── PROVIDED RECORDS ──

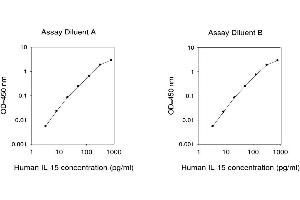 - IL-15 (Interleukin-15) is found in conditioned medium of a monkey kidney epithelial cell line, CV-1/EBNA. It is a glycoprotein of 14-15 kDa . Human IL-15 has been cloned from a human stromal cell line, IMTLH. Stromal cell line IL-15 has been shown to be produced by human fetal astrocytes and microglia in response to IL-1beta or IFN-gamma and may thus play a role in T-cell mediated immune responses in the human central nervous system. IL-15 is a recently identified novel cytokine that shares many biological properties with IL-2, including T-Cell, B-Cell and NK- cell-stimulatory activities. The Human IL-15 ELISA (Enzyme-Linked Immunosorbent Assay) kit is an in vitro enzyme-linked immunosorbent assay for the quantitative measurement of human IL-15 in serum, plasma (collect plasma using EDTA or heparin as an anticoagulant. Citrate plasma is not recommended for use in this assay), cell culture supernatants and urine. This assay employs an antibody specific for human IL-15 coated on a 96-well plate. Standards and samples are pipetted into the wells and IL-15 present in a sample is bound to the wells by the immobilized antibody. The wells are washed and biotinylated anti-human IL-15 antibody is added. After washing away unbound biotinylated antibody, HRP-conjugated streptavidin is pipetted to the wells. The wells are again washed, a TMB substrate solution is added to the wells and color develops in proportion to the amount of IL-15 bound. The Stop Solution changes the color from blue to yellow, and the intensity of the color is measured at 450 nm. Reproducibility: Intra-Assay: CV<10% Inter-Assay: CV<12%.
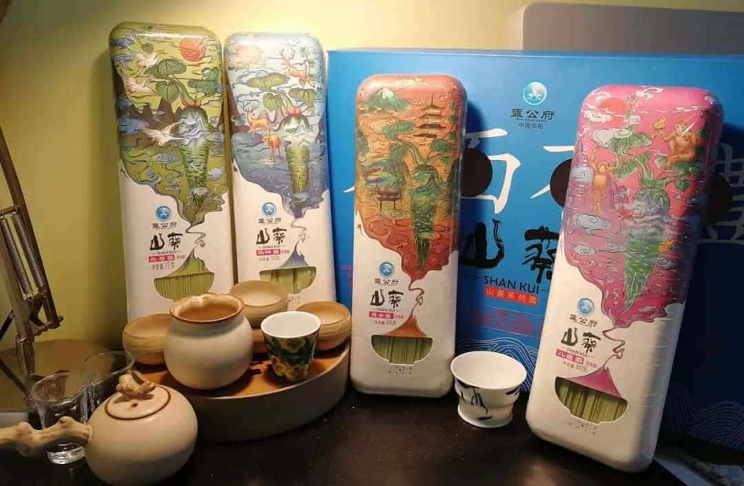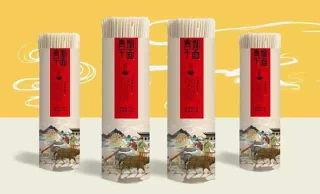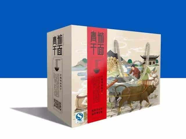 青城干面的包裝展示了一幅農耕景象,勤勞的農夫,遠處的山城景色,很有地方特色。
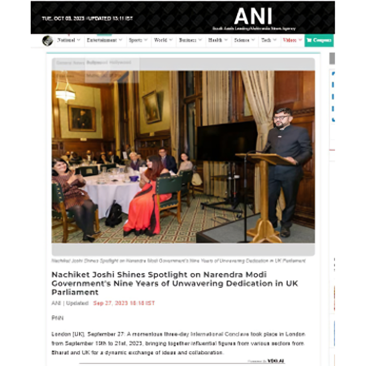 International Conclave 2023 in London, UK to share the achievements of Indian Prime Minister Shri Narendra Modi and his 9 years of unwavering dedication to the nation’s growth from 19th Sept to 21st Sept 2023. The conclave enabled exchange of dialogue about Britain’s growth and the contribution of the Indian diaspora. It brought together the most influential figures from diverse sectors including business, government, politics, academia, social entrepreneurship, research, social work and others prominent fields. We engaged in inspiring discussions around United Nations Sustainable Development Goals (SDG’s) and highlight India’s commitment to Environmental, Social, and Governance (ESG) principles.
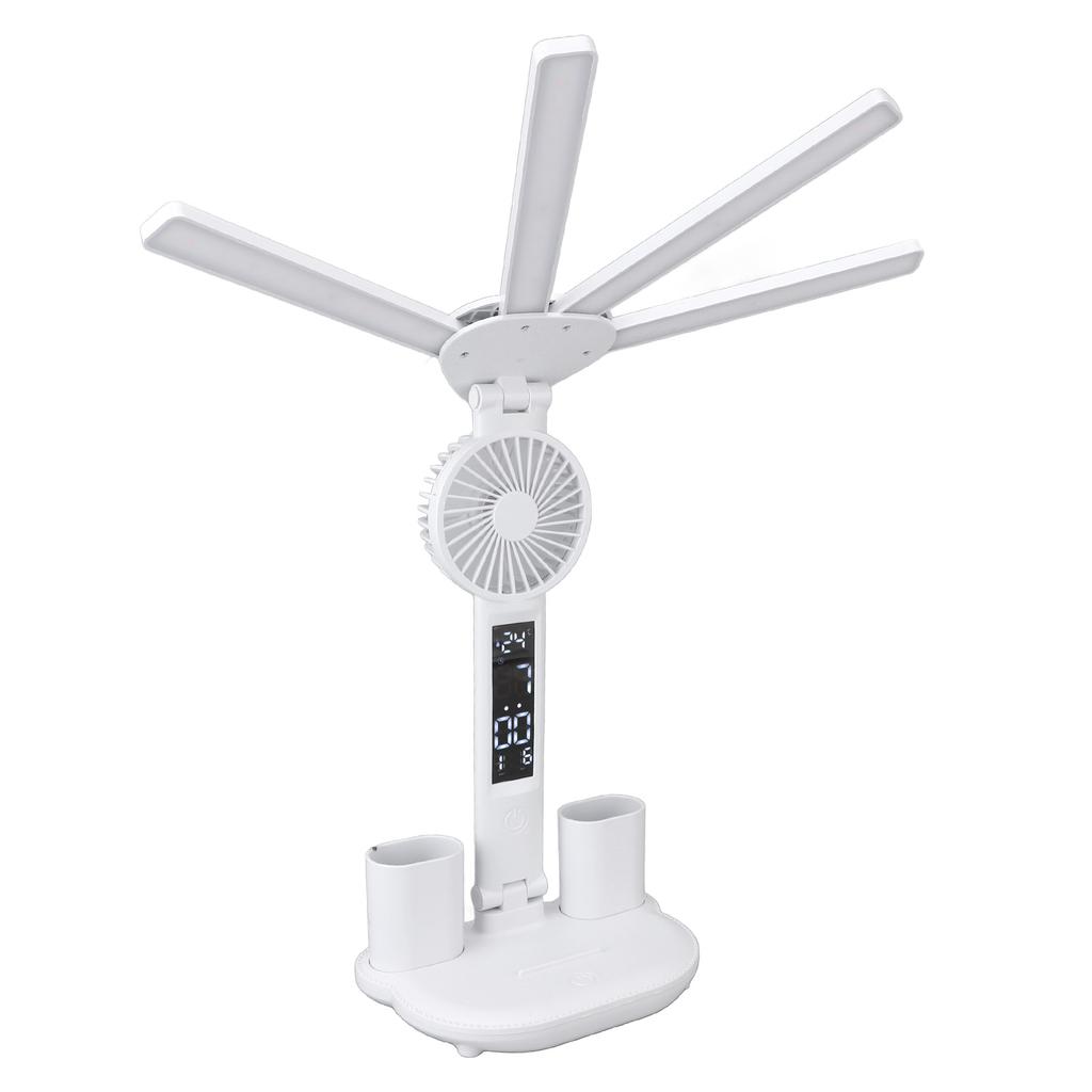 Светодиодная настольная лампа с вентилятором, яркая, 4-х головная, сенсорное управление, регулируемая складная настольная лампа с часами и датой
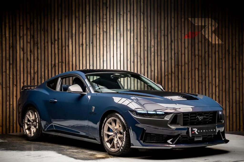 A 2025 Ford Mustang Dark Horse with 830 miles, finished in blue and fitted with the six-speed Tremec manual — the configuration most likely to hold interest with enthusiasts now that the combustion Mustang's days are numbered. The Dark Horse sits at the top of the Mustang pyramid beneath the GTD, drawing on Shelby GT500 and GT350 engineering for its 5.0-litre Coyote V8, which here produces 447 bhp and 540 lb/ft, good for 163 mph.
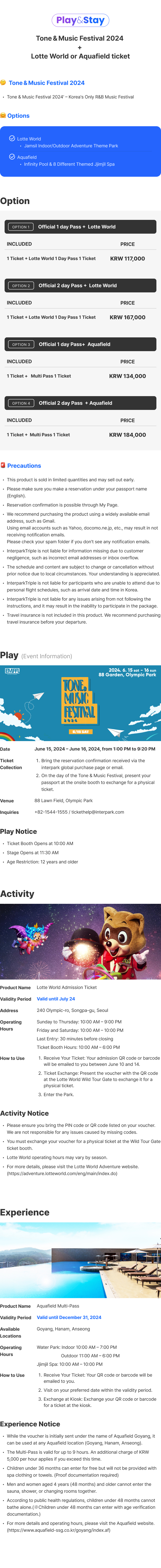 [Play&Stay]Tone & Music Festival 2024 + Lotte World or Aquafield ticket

───

» WHAT THE TASK REQUIRES
In the data above, find the line with "International Conclave 2023" and the line with "Светодиодная настольная лампа". Please copy exactly those two lines and every line between them, but not the pictures.

» RESPONSE
 International Conclave 2023 in London, UK to share the achievements of Indian Prime Minister Shri Narendra Modi and his 9 years of unwavering dedication to the nation’s growth from 19th Sept to 21st Sept 2023. The conclave enabled exchange of dialogue about Britain’s growth and the contribution of the Indian diaspora. It brought together the most influential figures from diverse sectors including business, government, politics, academia, social entrepreneurship, research, social work and others prominent fields. We engaged in inspiring discussions around United Nations Sustainable Development Goals (SDG’s) and highlight India’s commitment to Environmental, Social, and Governance (ESG) principles.
 Светодиодная настольная лампа с вентилятором, яркая, 4-х головная, сенсорное управление, регулируемая складная настольная лампа с часами и датой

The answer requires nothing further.